Оценить:
 Рейтинг: 5

Двое

<< 1 2 3 4 5 6 ... 12 >>
На страницу:
2 из 12
Настройки чтения
Размер шрифта
Высота строк
Поля
Вагон скрипнул тормозами – с лязгом откинулась площадка. Пара вышла. Вовчик маячил в окне растопыренной рукой, Матвей застыл в просвете двери тронувшегося поезда. Сжатым кулаком «но пасаран» он провожал сошедшую пару.

– Напишем, – крикнул он им вслед уже на ходу.

– Больше бы нам таких мальчиков, – как стон, вырвалось у Василия Никаноровича. – Пошли, дорогая, в свою нору дожевывать запасы. Мы для них как подгоревшая деталь в микросхеме: еще рабочая, но малонадежная. Писанина моя – одна возможность быть услышанным.

– Прости меня, Вася, услышала ребят, и так тоскливо сделалось на душе, захотелось поучаствовать, приободрить. Всплыло наше прошлое, наша молодость, наша необыкновенная встреча. Это ты у нас волевой, я – слабая женщина, и мне категорически не хочется стареть.
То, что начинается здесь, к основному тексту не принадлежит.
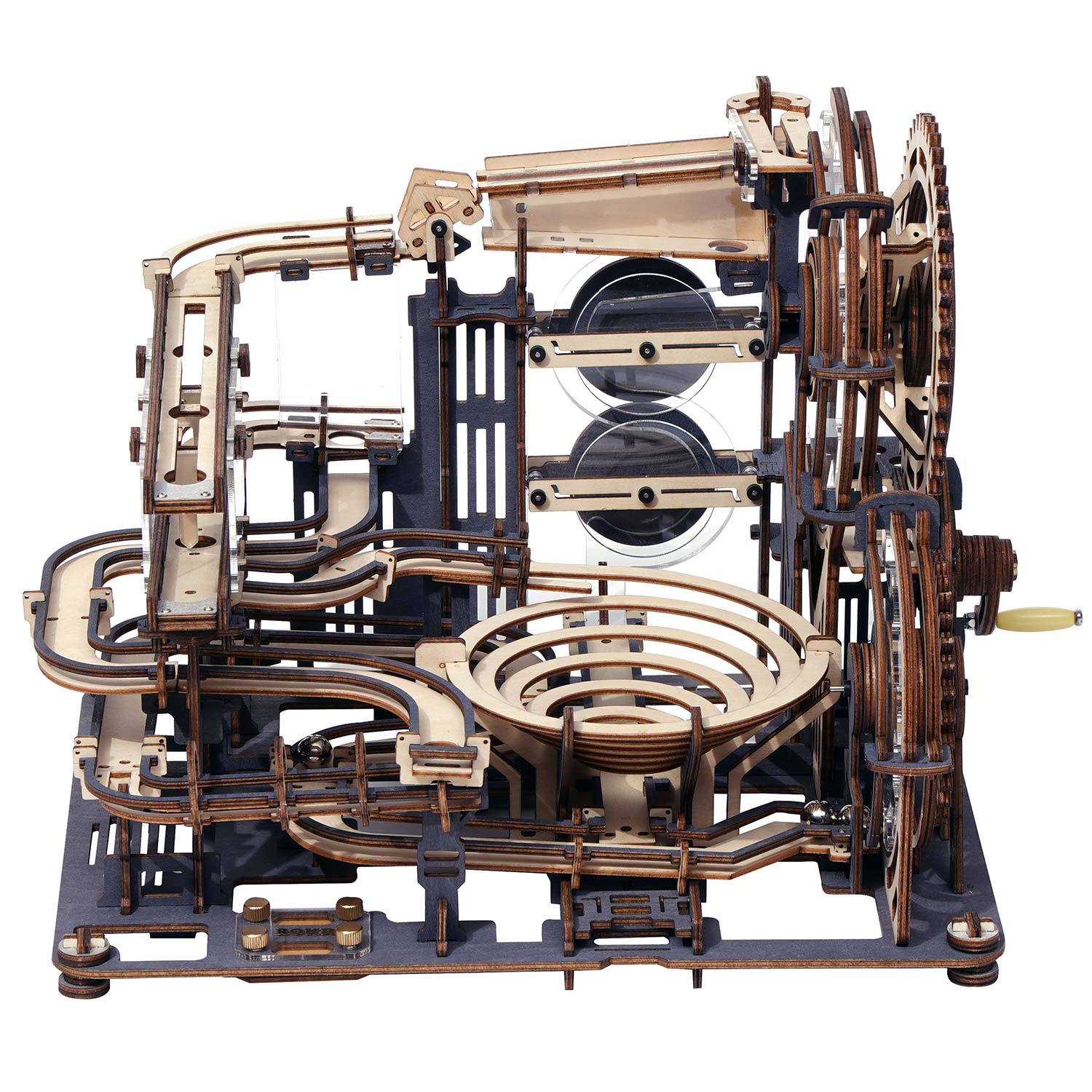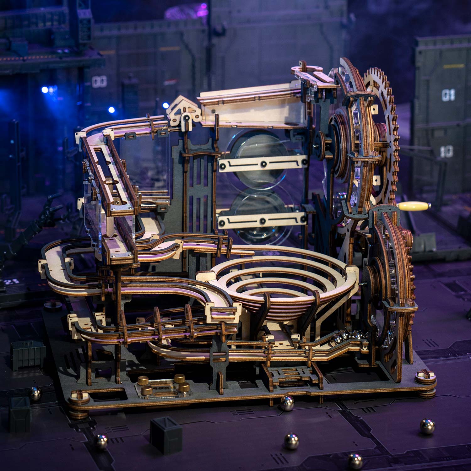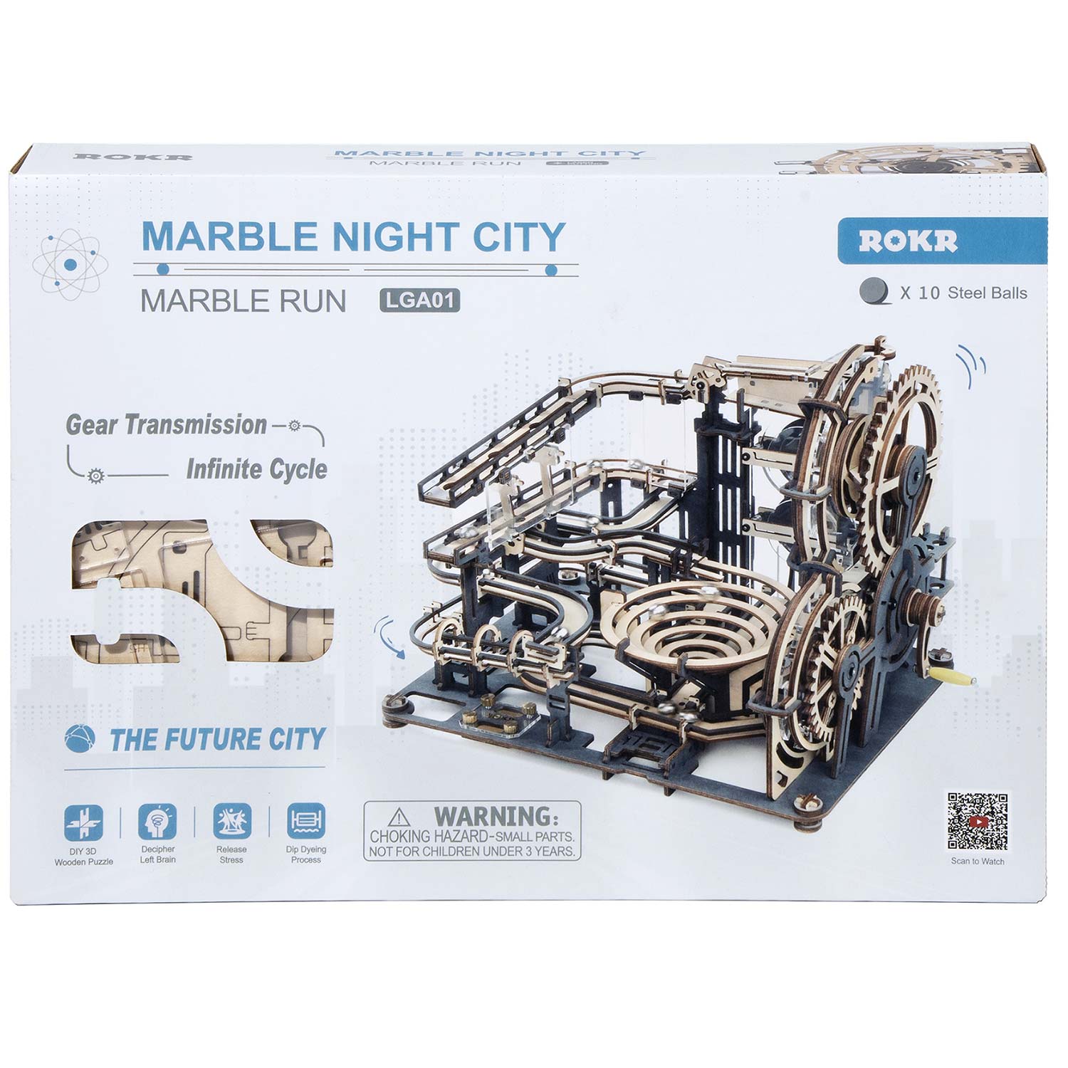 Der Bausatz Marble Night City von Rokr ist eine Murmelbahn mit mechanischen Funktionen. Lassen Sie die M;urmel durch das Modell rollen und schauen Sie zu, wie die mechanischen Elemente die Kugel antreiben.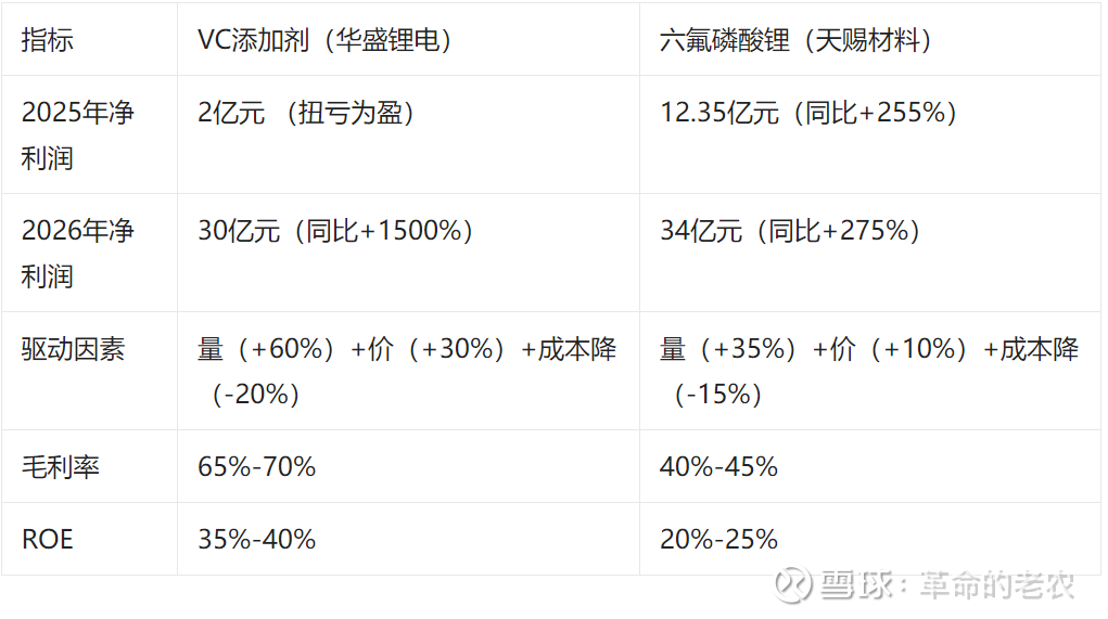 从2026年Q1起,VC添加剂(碳酸亚乙烯酯)与六氟磷酸锂(LiPF₆)的业绩增长将呈现显著分化:

Он взял ее за руку – она была горячей и скованной.

– Слушать надо мужа. Алкоголь в малом количестве оголяет нерв, в большом – ведет к забвению и деградации. Парня он испортит, а затем весь мир станет в виновниках от его неудач.

Два километра до места их знакомых, которых хотели проведать, они решили пройти пешком, со спины так не похожие на обремененных возрастом и несовершенствами людей. Она – все еще стройная, пружиня в движении прямыми суетливыми ножками, он – в хороших спортивных формах, развернутых плечах, с гордо поднятой головой. Силуэты счастья писать с таких. Вся беда в лицах: в их глазах и мимике отпечатались все недоразумения текущего времени. Но обратись к ним со стороны, их лица разгладятся участием к собеседнику и горестный отпечаток от несовершенств мира канет в небытие.

Глава 2

В опустевшем купе воцарилось молчание. За три часа до следующей станции ни звука, ни единого комментария. Недопитая бутылка сместилась Свистуном к конвектору отопления под столик. Он лег на нижнюю полку, подсунув руку под голову, закрыл глаза. Матвей ловко подтянулся на руках, расположившись на полке над ним. Даже в убаюкивающем подстуке колес заснуть не получалось. Они оба лежали и думали, каждый о своем. В словах дядечки было обычное недовольство, слышанное и переслышанное, но в этот раз что-то в них настораживало. Неведомое, занудно прилипчивое, повернувшее мысли от бравадной эйфории дембеля в собачий невроз. Едут в один город, а никаких договоренностей на встречу. Ничего общего на гражданке – общность интересов осталась там, в армии. Отлежали по соседству на койках 380 ночей, и что? Так думал Свистун. Матвей – о предстоящей учебе. Истомился он без чтения, без хорошей литературы. К Нельке надобно зайти – всю службу писала, каждый месяц по два письма. Не любовные и без намеков – о своем писала, о текущем. Матвей понимал: держит в курсе событий. Сам отвечал без фантазий, сухо, повествовательно, без эмоций. Друзья – ничего интимного. Отсидели по соседству последние десятый и одиннадцатый класс без откровенных попыток к сближению, однако по восприятию текущих событий – в одной струе, на близких орбитах. Не было девчонки у Матвея в известном содержательном смысле – не было и попыток. Просидела Нелька рядом два года школы, отпахла ему неистощимой карамелькой, не будоража женским созреванием. Кто его знает, не будь ее, возможно, и появилась бы попытка «как у всех». Привык он к мирному, бесхитростному течению их общения. Писать стала первой. Сказать, что был равнодушен в ожидании, значит покривить душой. Ждал очередного письма без особого трепета, как информационного, и оно скрашивало армейские будни. Случалось, в нарядах перечитывал. Не забитым паинькой рос, а не ощутил тяги к близкому общению ни к одной из девушек. Даже к тем, которые еще с девятого изощрялись на провокационный макияж. В одиннадцатом глазки многих одноклассниц уже откровенно оттенились выразительностью и глубиной – не тронуло, чтобы вот так, как у Свистуна.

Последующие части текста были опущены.